Root battled hard and registered his fifth half-century of the series, but again failed to emerge after the lunch break due to his illness. England's fight was soon to fade. Bairstow was lbw to Cummins for 38, and two balls later Cummins bounce out Stuart Broad, who fended a catch that was skied to the wicketkeeper Tim Paine.

Mason Crane also fell to a short ball from Cummins, caught behind off his glove, curiously asking for a review despite clear evidence the ball had flicked a significant portion of his thumb on the way through to the wicketkeeper. Anderson's wicket was all Australia needed to secure the result, which was England's heaviest defeat to Australia in a Test since they lost by an innings and 148 runs at Headingley in 1993.

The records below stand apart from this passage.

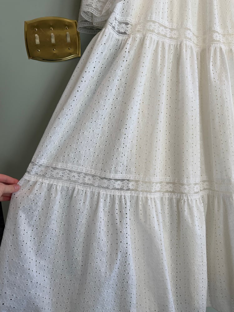 Classic vintage wedding dress from the 1970s made from a beautiful eyelet fabric. There is a square neckline trimmed in lace and beautiful bell sleeves. The waistline has sheer lace for some skin to poke through and then flows into a small tiered skirt. The Dress is semi sheer in direct sunlight so you might want to wear a slip underneath. This dress is in great condition with no major flaws. Please note all items are vintage and might have minor signs of wear due to its age.
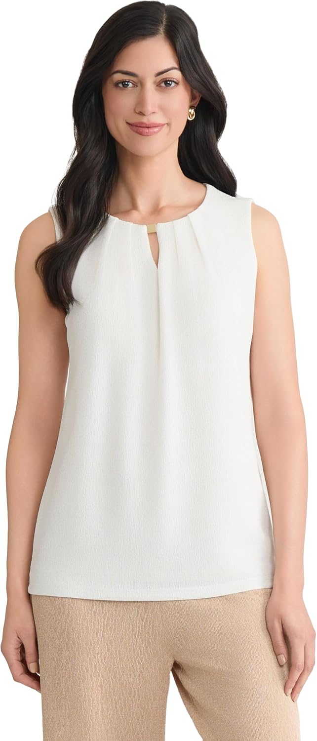 Kasper Womens Shimmer Knit Pleat Neck Top
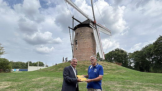 Für den Rheinischen Mühlenverband e.V. gratulierte der Landesvorsitzende Reinhold Pillich gemeinsam mit Geschäftsführer Dr. Ferdinand Schmitz und Vorstandsmitglied Michael Jäger und überbrachte in seiner Funktion als Präsident der Deutschen Gesellschaft für Mühlenkunde und Mühlenerhaltung e.V. die Grüße der DGM.
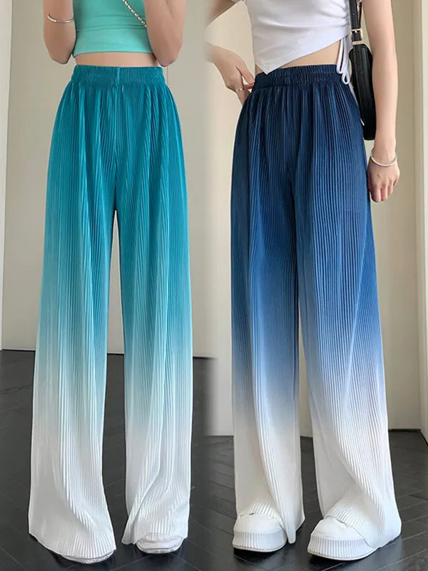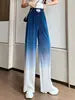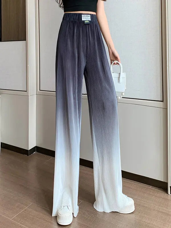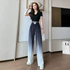 بنطلون نسائي واسع الساق ذو خصر مرتفع
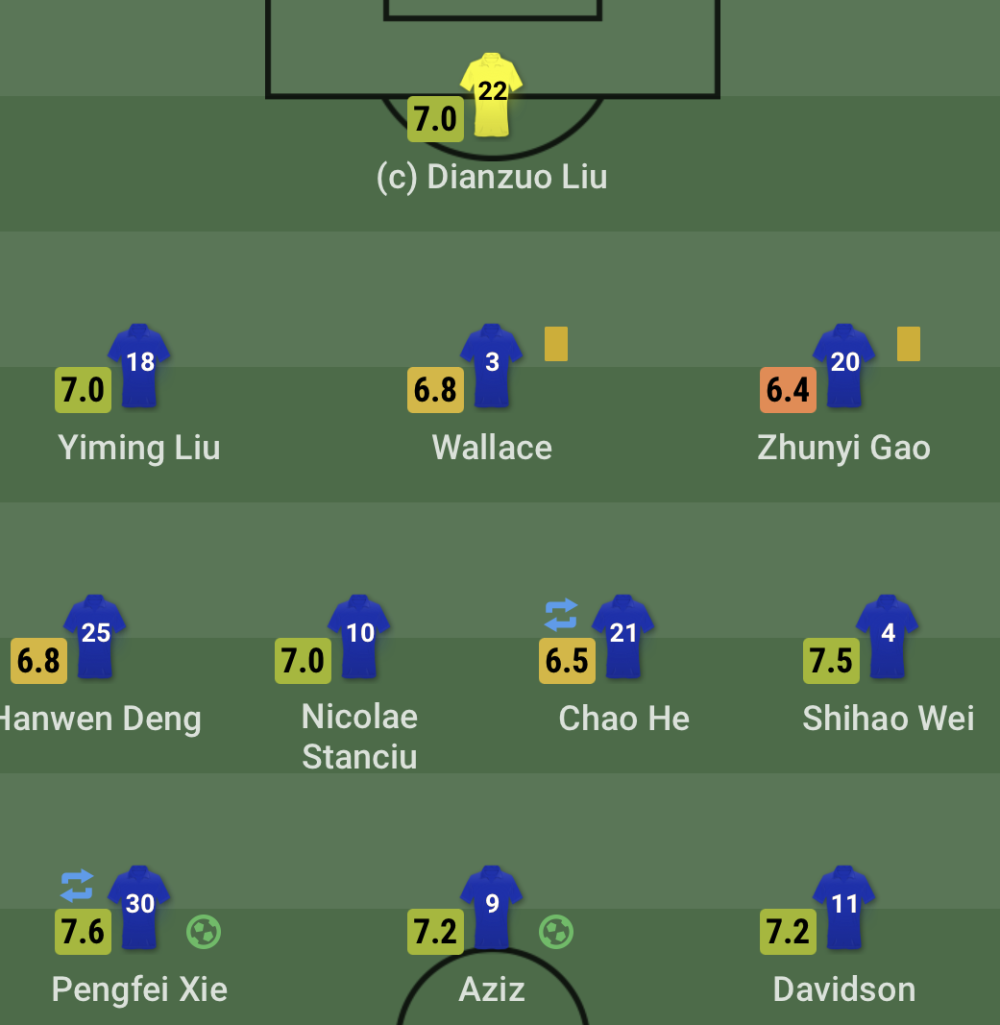 中场:10-斯坦丘、21-何超(78'12-张晓彬)、30-谢鹏飞(68'8-严鼎皓)
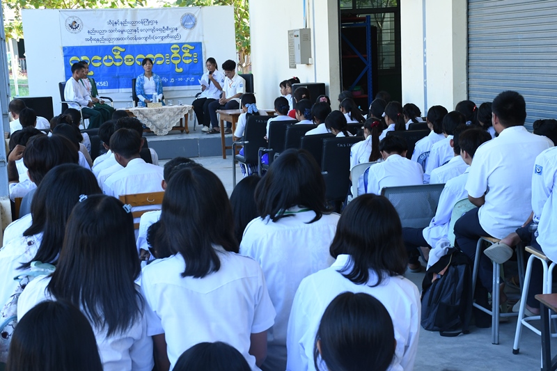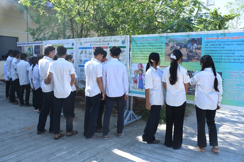 ဆက်လက်ပြီး တက်ရောက်လာသော ကျောင်းသား၊ ကျောင်းသူများက သိရှိလိုသည်များကိုအပြန် အလှန်မေးမြန်းဆွေးနွေးခဲ့ကြပြီး ကျောက်ဆည်ခရိုင် ပြန်ကြားရေးနှင့်ပြည်သူ့ဆက်ဆံရေးဦးစီးဌာနမှ ခင်းကျင်းပြသထားသည့် သုတ/ရသစာအုပ်များနှင့် အသိပညာပေးနံရံကပ်စာစောင်များ စိတ်ဝင်စားစွာ ကြည်ရှုခဲ့ကြောင်း သိရသည်။
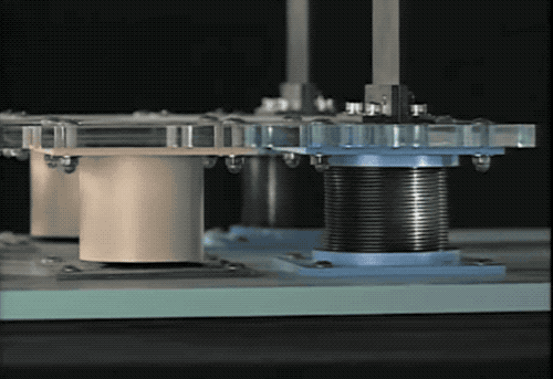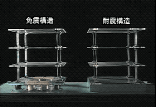 隔震支座有多好用呢?大家看一下日本免震構造協會的演示就清楚了。左邊的建築模型採用了隔震支座,右側的建築模型僅僅採用了普通的防震材料——
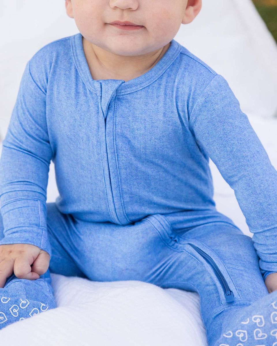 Our signature viscose from bamboo footie will be your favorite go-to. Our footie can be adorable jammies or your babe's outfit for the day! Our double zipper option makes diaper changes simple at all times of the day (and night). Zip from top or bottom without undressing your babe. Footie grips in Lev's signature hearts, cuffs on newborn and 0-3m to avoid scratching their sweet faces and our snug fit will ensure the best dressed and most snuggly babe ever!
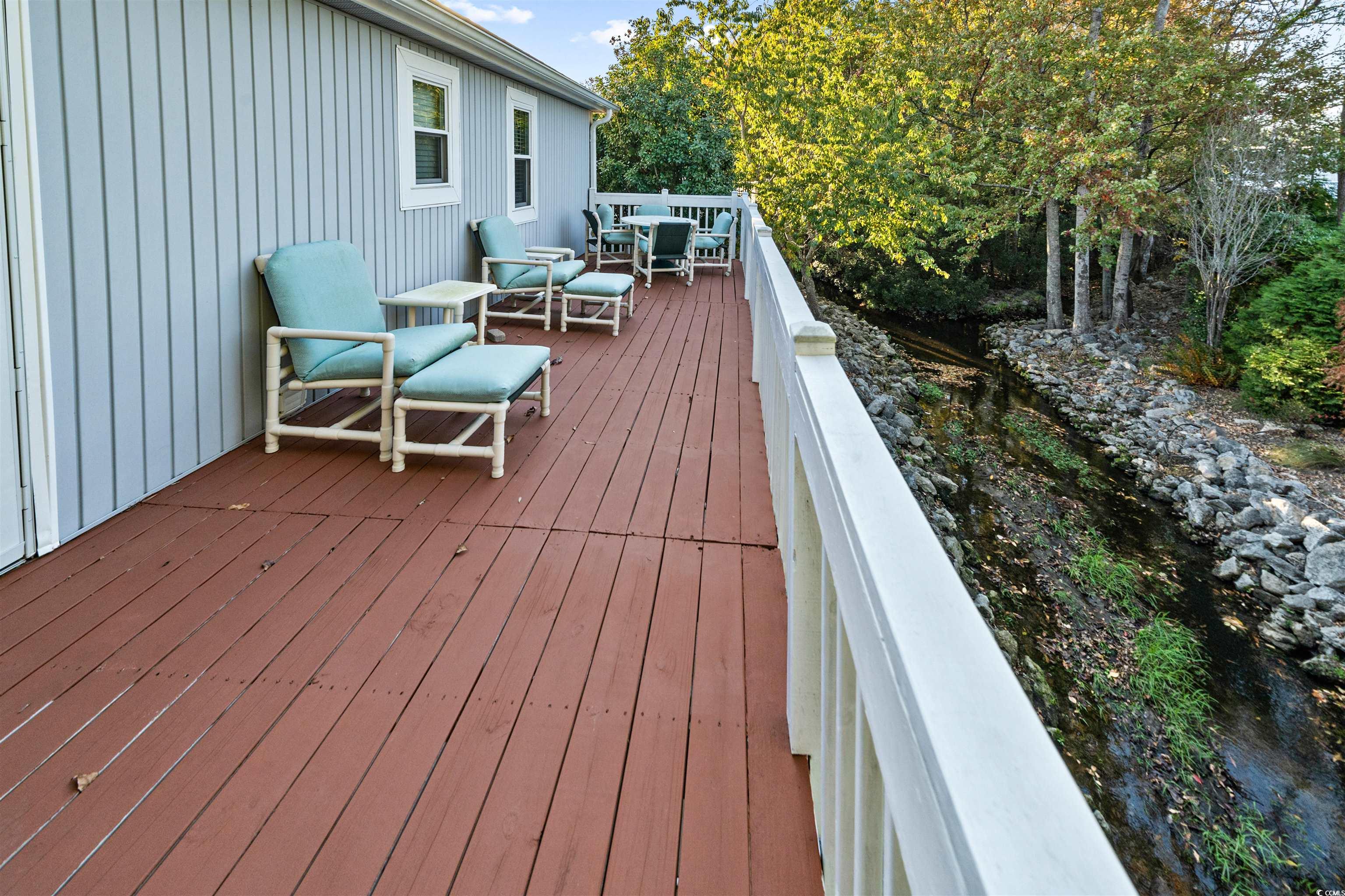Located just a short golf cart ride from the beach, this beautifully maintained and fully furnished three-bedroom, two-bath home is nestled in the desirable Willow Creek community of North Myrtle Beach. The open living and dining area is bright and inviting, featuring vaulted ceilings and wood flooring. A spacious Carolina room offers the perfect place to relax or enjoy morning coffee, and the private deck is ideal for outdoor gatherings. The home also includes a large enclosed storage area on the lower level and covered parking for convenience. Residents enjoy a peaceful setting with a community pool and easy access to Main Streets festivals, live music, dining, and shopping. This beautiful home is ideal for those seeking a comfortable coastal lifestyle in a well-kept, residential neighborhood.

The post-match presentations rather summed it all up. Man of the Match was Cummins, for his eight wickets. Man of the Series was Steven Smith, for his 687 runs, more than 300 in front of the highest-scoring England batsman, Dawid Malan. And England's captain, Root, was unable to mount the dais to speak on behalf of his side, instead represented by the vice-captain Anderson. It was just one more thing that had gone wrong for England in a series full of them. Courtesy: ESPN Cricinfo.

Player  of the Match was Australian Pat Cummins while Player of the Series was Aussie skipper Steven Smith.